Your output will look like this if the puzzle isn’t solved yet:

out: HostBuffer([0.0, 0.0, 0.0, 0.0, 0.0, 0.0, 0.0, 0.0, 0.0, 0.0, 0.0, 0.0, 0.0, 0.0, 0.0])
expected: HostBuffer([14.0, 20.0, 26.0, 32.0, 38.0, 44.0, 50.0, 56.0, 62.0, 68.0, 74.0, 80.0, 41.0, 14.0, 0.0])

Solution

fn conv_1d_block_boundary[
    in_layout: Layout, out_layout: Layout, conv_layout: Layout, dtype: DType
](
    output: LayoutTensor[mut=False, dtype, out_layout],
    a: LayoutTensor[mut=False, dtype, in_layout],
    b: LayoutTensor[mut=False, dtype, conv_layout],
):
    global_i = block_dim.x * block_idx.x + thread_idx.x
    local_i = thread_idx.x
    # first: need to account for padding
    shared_a = tb[dtype]().row_major[TPB + CONV_2 - 1]().shared().alloc()
    shared_b = tb[dtype]().row_major[CONV_2]().shared().alloc()
    if global_i < SIZE_2:
        shared_a[local_i] = a[global_i]

    # second: load elements needed for convolution at block boundary
    if local_i < CONV_2 - 1:
        # indices from next block
        next_idx = global_i + TPB
        if next_idx < SIZE_2:
            shared_a[TPB + local_i] = a[next_idx]
        else:
            # Initialize out-of-bounds elements to 0 to avoid reading from uninitialized memory
            # which is an undefined behavior
            shared_a[TPB + local_i] = 0

    if local_i < CONV_2:
        shared_b[local_i] = b[local_i]

    barrier()

    if global_i < SIZE_2:
        var local_sum: output.element_type = 0

        @parameter
        for j in range(CONV_2):
            if global_i + j < SIZE_2:
                local_sum += shared_a[local_i + j] * shared_b[j]

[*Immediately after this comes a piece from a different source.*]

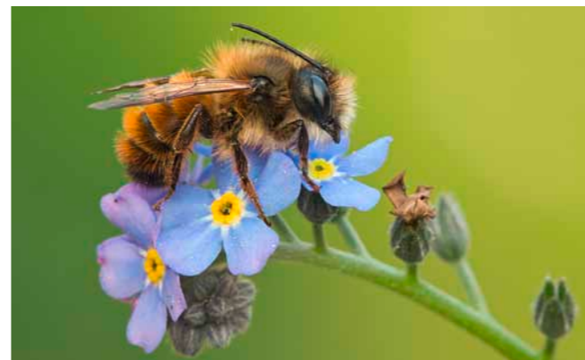
Una grande varietà di fiori estivi è di aiuto anche all'osmia rufa.

La presenza delle api selvatiche dipende dalla disponibilità di luoghi di nidificazione e di cibo. Seminate lungo la recinzione del giardino una miscela di cicoria, gittaione comune o reseda e lasciate crescere il tasso barbasso e l'erba viperina che nascono spontaneamente sul vialetto di ghiaia.

        output[global_i] = local_sum

The solution handles block boundary cases in 1D convolution using extended shared memory. Here’s a detailed analysis:

Memory layout and sizing

Test Configuration:
- Full array size: SIZE_2 = 15 elements
- Grid: 2 blocks × 8 threads
- Convolution kernel: CONV_2 = 4 elements

Block 0 shared memory:  [0 1 2 3 4 5 6 7|8 9 10]  // TPB(8) + (CONV_2-1)(3) padding
Block 1 shared memory:  [8 9 10 11 12 13 14|0 0]  // Second block with padding

Size calculation:
- Main data: TPB elements (8)
- Overlap: CONV_2 - 1 elements (4 - 1 = 3)
- Total: TPB + CONV_2 - 1 = 8 + 4 - 1 = 11 elements

Implementation details

Shared Memory Allocation:

# First: account for padding needed for convolution window
shared_a = tb[dtype]().row_major[TPB + CONV_2 - 1]().shared().alloc()
shared_b = tb[dtype]().row_major[CONV_2]().shared().alloc()

This allocation pattern ensures we have enough space for both the block’s data and the overlap region.

Data Loading Strategy:

# Main block data
if global_i < SIZE_2:
    shared_a[local_i] = a[global_i]

# Boundary data from next block
if local_i < CONV_2 - 1:
    next_idx = global_i + TPB
    if next_idx < SIZE_2:
        shared_a[TPB + local_i] = a[next_idx]
    else:
        # Initialize out-of-bounds elements to 0 to avoid reading from uninitialized memory
        # which is an undefined behavior
        shared_a[TPB + local_i] = 0

Only threads with local_i < CONV_2 - 1 load boundary data
Prevents unnecessary thread divergence
Maintains memory coalescing for main data load
Explicitly zeroes out-of-bounds elements to avoid undefined behavior

Kernel Loading:
```
if local_i < b_size:
    shared_b[local_i] = b[local_i]
```
- Single load per thread
- Bounded by kernel size

Convolution Computation:

if global_i < SIZE_2:
    var local_sum: output.element_type = 0
    @parameter
    for j in range(CONV_2):
        if global_i + j < SIZE_2:
            local_sum += shared_a[local_i + j] * shared_b[j]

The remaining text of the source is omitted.